● Task item:
Pictures are to be omitted. Output only the lines from the one containing "Studio shot of" through the end of the data, word for word.

● Data extract:
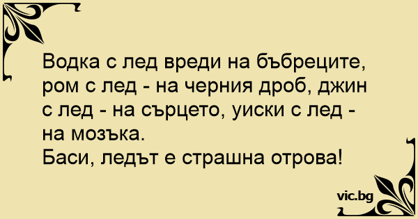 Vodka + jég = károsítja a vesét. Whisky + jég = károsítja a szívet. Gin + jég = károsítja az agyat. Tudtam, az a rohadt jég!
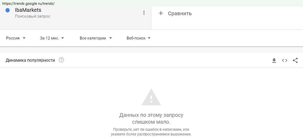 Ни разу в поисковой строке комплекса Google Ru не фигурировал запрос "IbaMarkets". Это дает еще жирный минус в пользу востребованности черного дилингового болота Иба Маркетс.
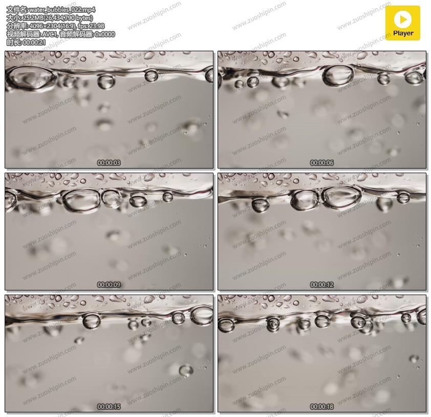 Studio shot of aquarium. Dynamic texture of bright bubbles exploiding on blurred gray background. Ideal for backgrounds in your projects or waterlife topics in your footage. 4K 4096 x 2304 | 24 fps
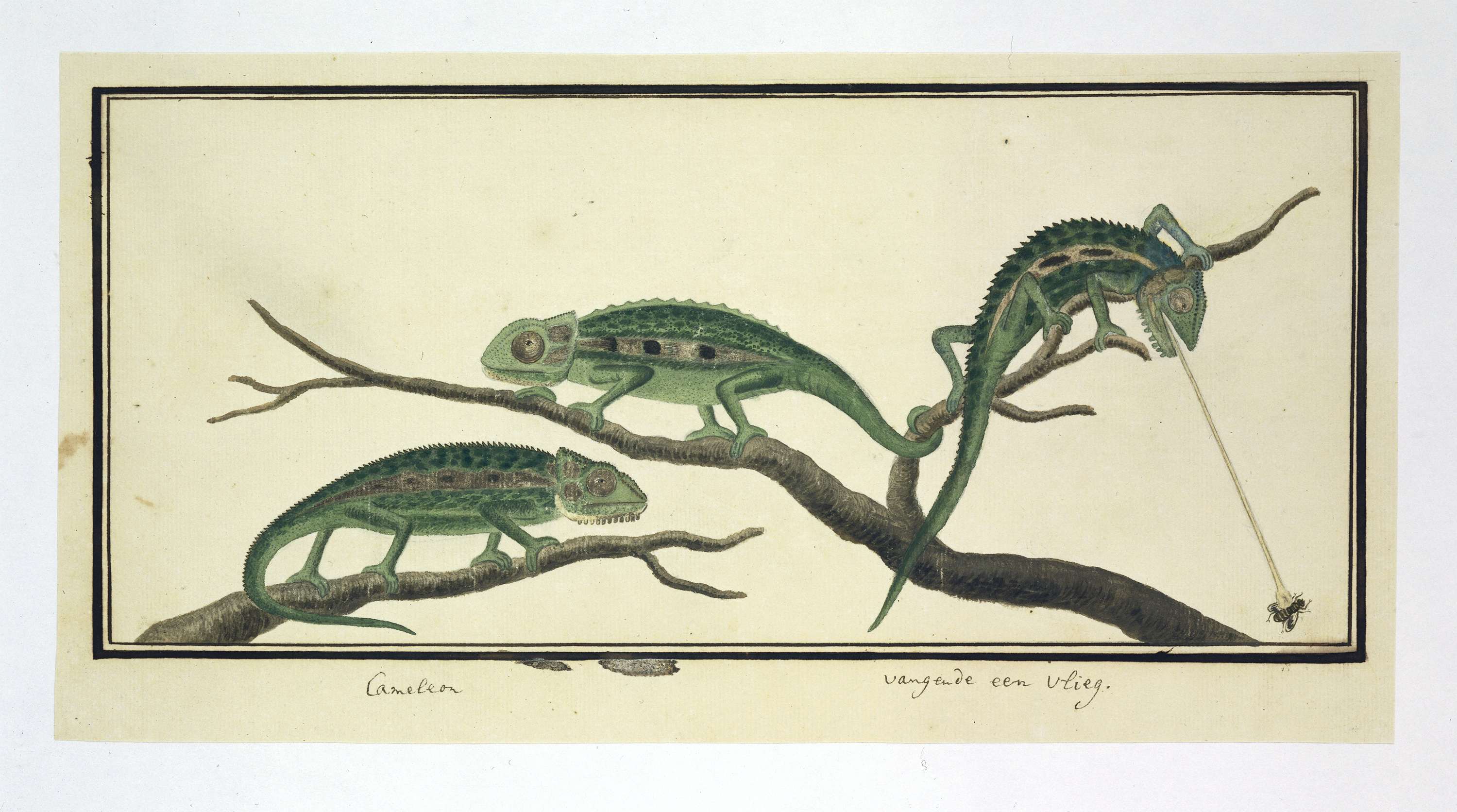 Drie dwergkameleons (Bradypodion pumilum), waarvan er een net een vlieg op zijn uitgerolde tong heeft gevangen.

● Answer section:
 Studio shot of aquarium. Dynamic texture of bright bubbles exploiding on blurred gray background. Ideal for backgrounds in your projects or waterlife topics in your footage. 4K 4096 x 2304 | 24 fps
 Drie dwergkameleons (Bradypodion pumilum), waarvan er een net een vlieg op zijn uitgerolde tong heeft gevangen.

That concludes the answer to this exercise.